SUPPLIED MATERIAL.
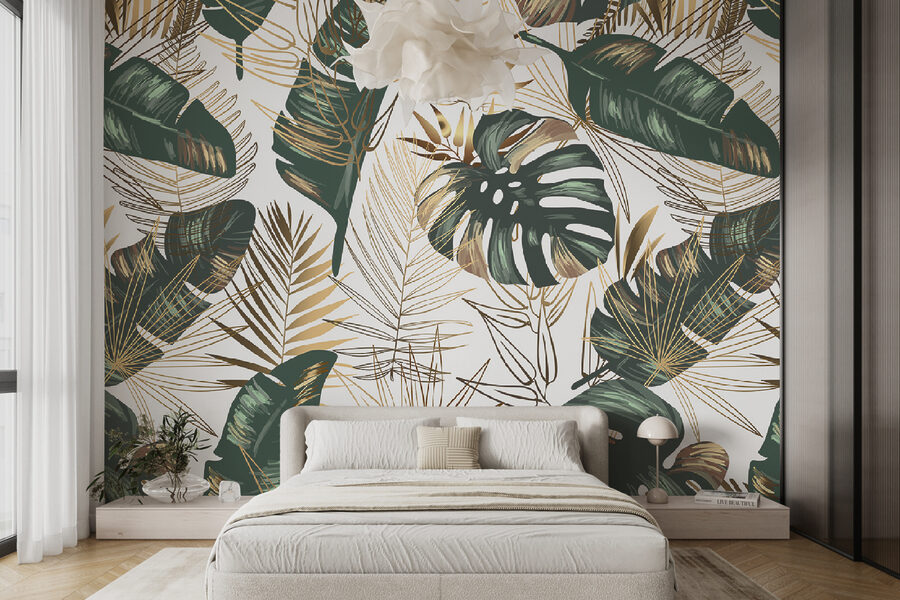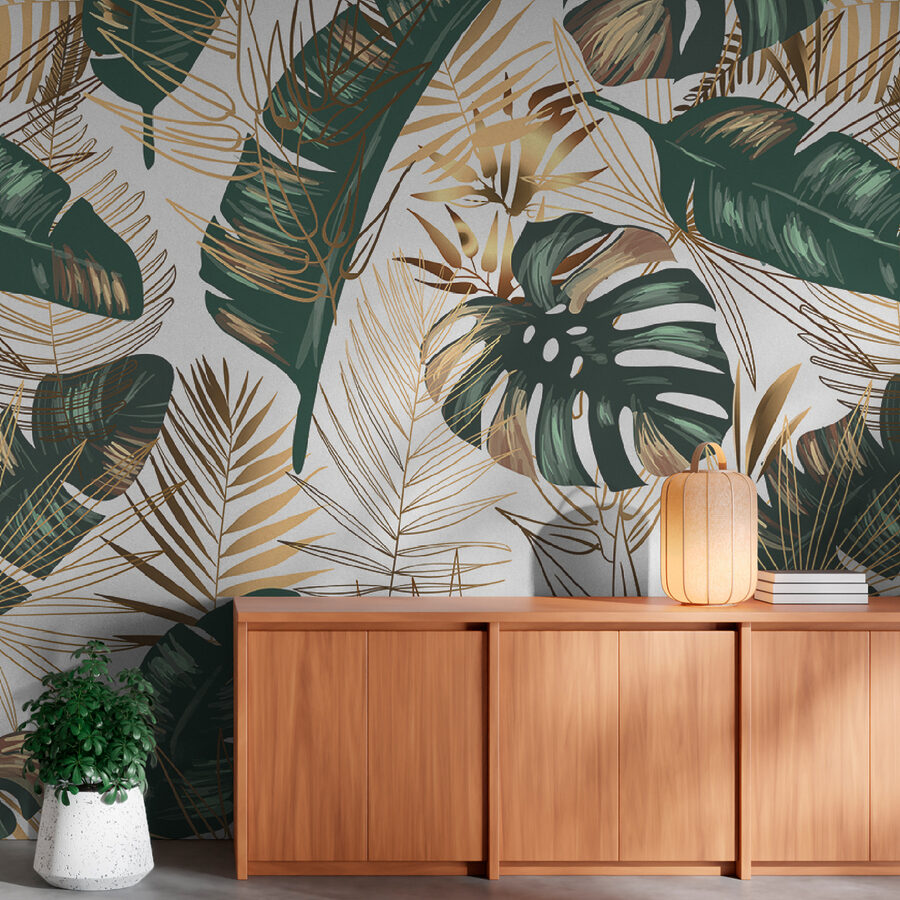 Proměňte každou místnost v tropický ráj pomocí těchto zářivých nástěnných maleb se svěžími listy a hravými abstraktními vzory. Představte si, že vstoupíte do obývacího pokoje a budete mít pocit, že jste právě přistáli na bezstarostném ostrově – ta zelená a zlatá prostě vybízí k relaxaci. Ať už se jedná o útulný koutek na čtení, nebo o živý prostor pro setkávání přátel, tato nástěnná malba mu dodá dokonalý nádech osobitosti. Je jako jemná připomínka, že je třeba zpomalit a nasávat krásu kolem sebe. Kdo by nechtěl popíjet drink a předstírat, že je na dovolené přímo u sebe doma?
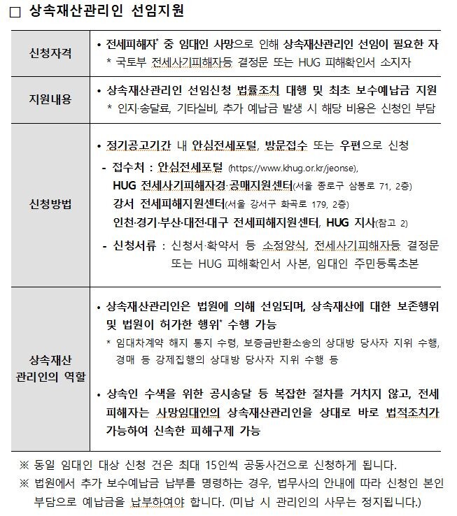 상속재산관리인 선임지원 사업은 동일한 사망 임대인에 대하여 전세피해자가 여러 명일 경우에 발생하는 관리인 보수 등 신청인 부담 비용을 줄이기 위해 정기공고 방식으로 진행하고 있다.
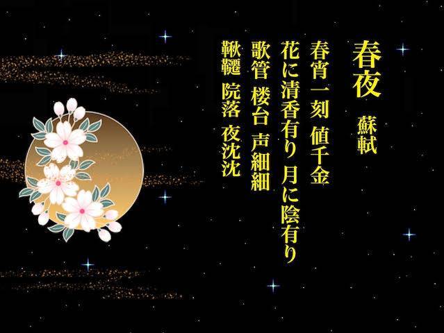 「春の夜は、ほんの僅かな時でも千金の価値がある。花は清らかに香り月はおぼろにかすんでいる」
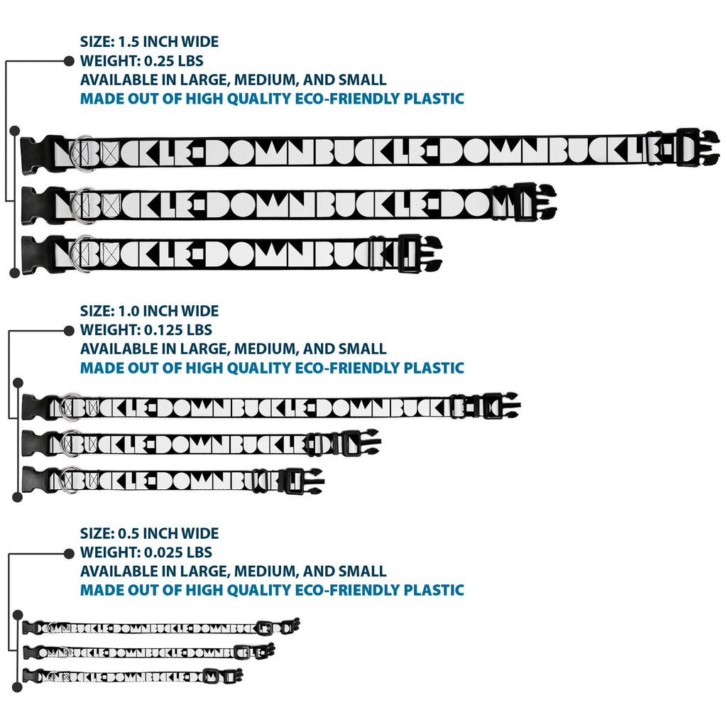 Vibrant and bold, this beautiful, polyester dog collar is made to show off your dog's unique style through all the seasons. With an overengineered plastic buckle and strong D-ring, this durable collar can hold up to whatever your dog can dish out. This product is officially licensed by Buckle-Down.
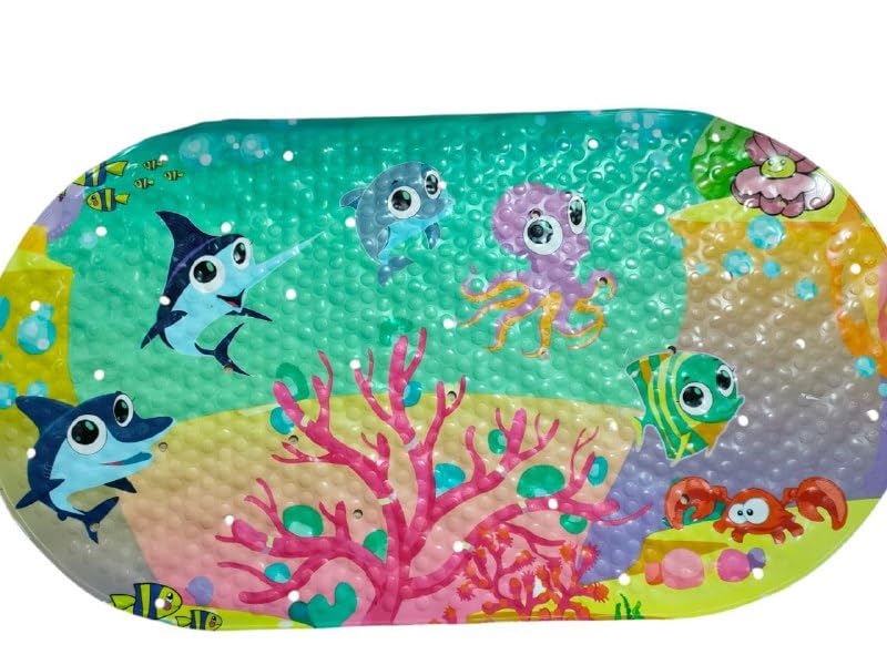 Generic - دواسة حمام سيليكون رائعة مضادة للانزلاق وعالية الالتصاق على أرضية الحمام، مقاس (65 × 35 سم) (طبعة مستوحاة من عالم البحر متعددة الألوان)
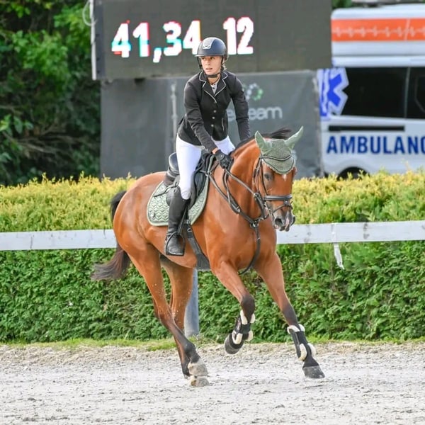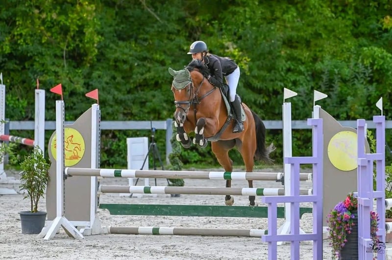 Zum Verkauf steht eine 2017 geborene, etwa 1.66 m große hellbraune ungarische Warmblutstute. Die junge Dame besitzt einen freundlichen Charakter und ist brav im Umgang. Unter dem Reiter läuft sie artig in allen drei GGA und lief bereits bis 1.10 m am Turnier, wobei sie im Training auch bereits höhere Sprünge ohne Probleme gemeistert hat. Aufgrund ihres ausgeprägten Temperaments und ihres guten Abdrucks am Sprung ist sie nicht für reine Anfänger geeignet, da sie sehr sensibel & aufmerksam im Parcours ist und es ihrem Reiter nur Recht machen möchte. Die Stute ist derzeit vorne beschlagen, kennt den Hufschmied, Tierarzt sowie das verladen und fahren.
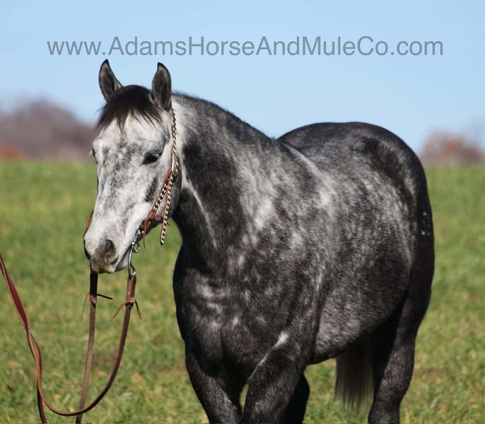 ONLINE AUCTION Place your bids at www.PlatinumEquineAuction.com Starting Bid $3500 Auction ends April 20th, 2025 Need a new saddle? Check out White Rock Saddles on our website or Facebook! AJak Mr Val Star 585 aka Val is a beautiful Dapple Grey that is very stout built, standing 14.3hh and he is a 2019 Model Registered AQHA Gelding! We have had a lot of these “Jak” horses that are bred and raised on the Oleen Brothers Ranch out in Kansas and every one of them that we have had are always gentle, good minded horses that are great for trails and ranch work. Val is no exception to that trend! He is a gentle type of horse that is never in a hurry! He lopes nice circles, catches the correct leads, has a good stop and reins around. Val just eases along down the trail and loves going on trail rides. He will cross creeks, ditches, logs and navigate rough rocky areas. Val has been exposed to all kinds of wildlife and will go anywhere that he is asked too. He has been rode many miles in the mountains and encountered every obstacle possible on the trail. He will go up or down even the steepest slopes, across deep creeks, over downed trees, and over all types of rough terrain while still being sure footed. Val has been ridden down the highways and is traffic safe as well. Val has been used around the ranch, he has sorted, penned and pasture roped. If you need a broke, quiet, gentle, safe horse for ranch or trails… Val is your guy! Call Adams Horse & Mule Co. Eric 606-308-2461 with any questions or to make a Buy It Now Offer. Located in Mt. Vernon, KY. ONLINE AUCTION Place your bids at www.PlatinumEquineAuction.com Starting Bid $3500 Auction ends April 20th, 2025 Need a new saddle? Check out White Rock Saddles on our website or Facebook!

THE TASK. All of the material above should be reproduced exactly, except the pictures.

ANSWER TO THIS TASK.
 Proměňte každou místnost v tropický ráj pomocí těchto zářivých nástěnných maleb se svěžími listy a hravými abstraktními vzory. Představte si, že vstoupíte do obývacího pokoje a budete mít pocit, že jste právě přistáli na bezstarostném ostrově – ta zelená a zlatá prostě vybízí k relaxaci. Ať už se jedná o útulný koutek na čtení, nebo o živý prostor pro setkávání přátel, tato nástěnná malba mu dodá dokonalý nádech osobitosti. Je jako jemná připomínka, že je třeba zpomalit a nasávat krásu kolem sebe. Kdo by nechtěl popíjet drink a předstírat, že je na dovolené přímo u sebe doma?
 상속재산관리인 선임지원 사업은 동일한 사망 임대인에 대하여 전세피해자가 여러 명일 경우에 발생하는 관리인 보수 등 신청인 부담 비용을 줄이기 위해 정기공고 방식으로 진행하고 있다.
 「春の夜は、ほんの僅かな時でも千金の価値がある。花は清らかに香り月はおぼろにかすんでいる」
 Vibrant and bold, this beautiful, polyester dog collar is made to show off your dog's unique style through all the seasons. With an overengineered plastic buckle and strong D-ring, this durable collar can hold up to whatever your dog can dish out. This product is officially licensed by Buckle-Down.
 Generic - دواسة حمام سيليكون رائعة مضادة للانزلاق وعالية الالتصاق على أرضية الحمام، مقاس (65 × 35 سم) (طبعة مستوحاة من عالم البحر متعددة الألوان)
 Zum Verkauf steht eine 2017 geborene, etwa 1.66 m große hellbraune ungarische Warmblutstute. Die junge Dame besitzt einen freundlichen Charakter und ist brav im Umgang. Unter dem Reiter läuft sie artig in allen drei GGA und lief bereits bis 1.10 m am Turnier, wobei sie im Training auch bereits höhere Sprünge ohne Probleme gemeistert hat. Aufgrund ihres ausgeprägten Temperaments und ihres guten Abdrucks am Sprung ist sie nicht für reine Anfänger geeignet, da sie sehr sensibel & aufmerksam im Parcours ist und es ihrem Reiter nur Recht machen möchte. Die Stute ist derzeit vorne beschlagen, kennt den Hufschmied, Tierarzt sowie das verladen und fahren.
 ONLINE AUCTION Place your bids at www.PlatinumEquineAuction.com Starting Bid $3500 Auction ends April 20th, 2025 Need a new saddle? Check out White Rock Saddles on our website or Facebook! AJak Mr Val Star 585 aka Val is a beautiful Dapple Grey that is very stout built, standing 14.3hh and he is a 2019 Model Registered AQHA Gelding! We have had a lot of these “Jak” horses that are bred and raised on the Oleen Brothers Ranch out in Kansas and every one of them that we have had are always gentle, good minded horses that are great for trails and ranch work. Val is no exception to that trend! He is a gentle type of horse that is never in a hurry! He lopes nice circles, catches the correct leads, has a good stop and reins around. Val just eases along down the trail and loves going on trail rides. He will cross creeks, ditches, logs and navigate rough rocky areas. Val has been exposed to all kinds of wildlife and will go anywhere that he is asked too. He has been rode many miles in the mountains and encountered every obstacle possible on the trail. He will go up or down even the steepest slopes, across deep creeks, over downed trees, and over all types of rough terrain while still being sure footed. Val has been ridden down the highways and is traffic safe as well. Val has been used around the ranch, he has sorted, penned and pasture roped. If you need a broke, quiet, gentle, safe horse for ranch or trails… Val is your guy! Call Adams Horse & Mule Co. Eric 606-308-2461 with any questions or to make a Buy It Now Offer. Located in Mt. Vernon, KY. ONLINE AUCTION Place your bids at www.PlatinumEquineAuction.com Starting Bid $3500 Auction ends April 20th, 2025 Need a new saddle? Check out White Rock Saddles on our website or Facebook!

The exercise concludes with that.